For this task, extract exactly the lines of the data below, from the line containing "# '분양가격' 열에서 값이 0인 것들을 모두 출력" through the last one, with pictures left out.

- Opening Delimiter -

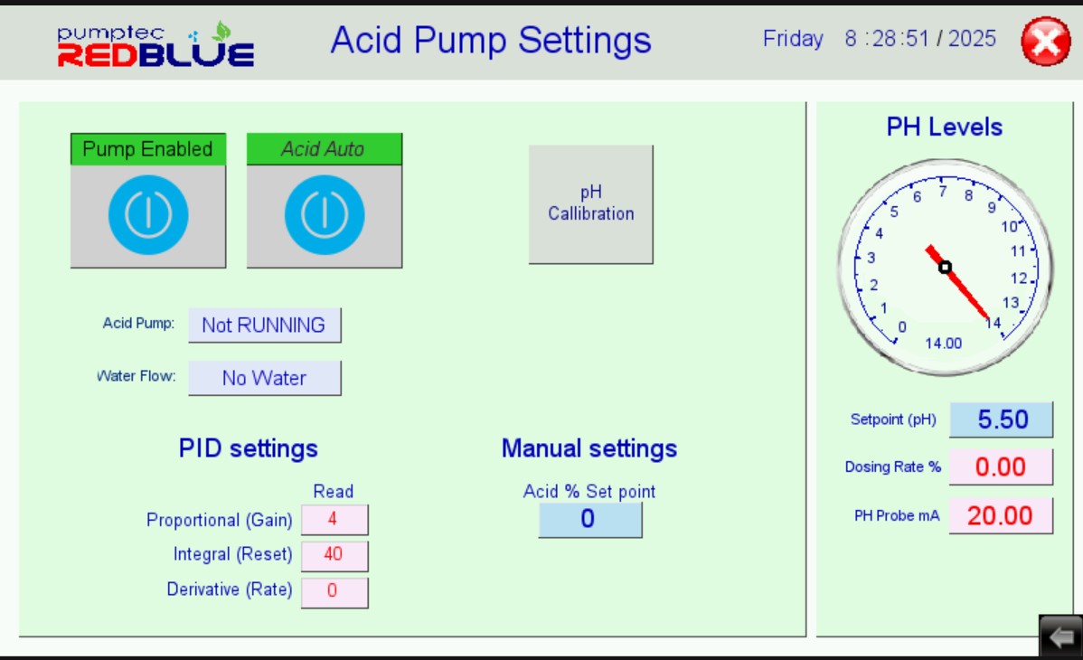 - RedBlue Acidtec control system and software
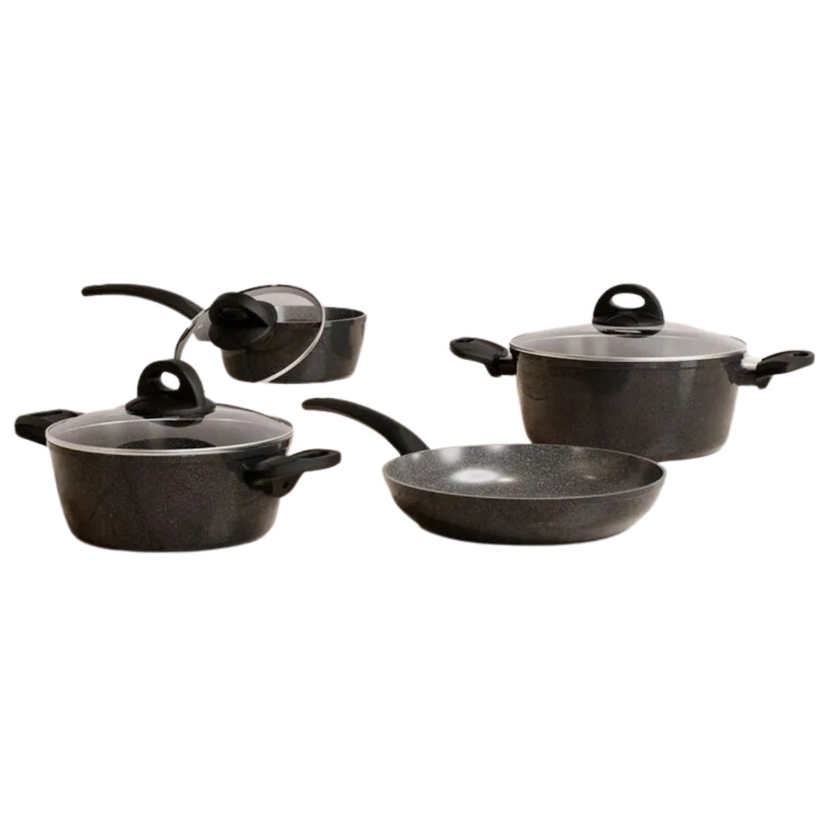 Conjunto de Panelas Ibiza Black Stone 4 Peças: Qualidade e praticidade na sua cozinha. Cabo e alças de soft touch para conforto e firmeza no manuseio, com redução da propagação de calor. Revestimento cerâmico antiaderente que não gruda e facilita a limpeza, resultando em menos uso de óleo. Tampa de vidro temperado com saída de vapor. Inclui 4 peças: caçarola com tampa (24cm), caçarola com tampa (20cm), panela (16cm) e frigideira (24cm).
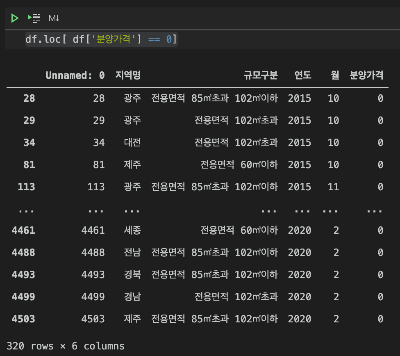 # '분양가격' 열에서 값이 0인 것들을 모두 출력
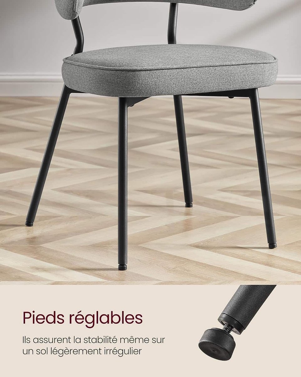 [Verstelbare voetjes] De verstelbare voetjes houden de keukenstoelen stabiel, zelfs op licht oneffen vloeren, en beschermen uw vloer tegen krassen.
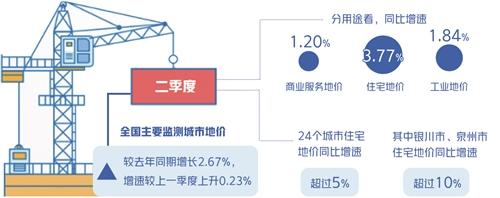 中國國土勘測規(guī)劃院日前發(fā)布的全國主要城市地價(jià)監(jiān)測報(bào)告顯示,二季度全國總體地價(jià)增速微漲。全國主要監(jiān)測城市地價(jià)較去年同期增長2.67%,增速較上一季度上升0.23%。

- Closing Delimiter -

§ EXERCISE SOLUTION
 # '분양가격' 열에서 값이 0인 것들을 모두 출력
 [Verstelbare voetjes] De verstelbare voetjes houden de keukenstoelen stabiel, zelfs op licht oneffen vloeren, en beschermen uw vloer tegen krassen.
 中國國土勘測規(guī)劃院日前發(fā)布的全國主要城市地價(jià)監(jiān)測報(bào)告顯示,二季度全國總體地價(jià)增速微漲。全國主要監(jiān)測城市地價(jià)較去年同期增長2.67%,增速較上一季度上升0.23%。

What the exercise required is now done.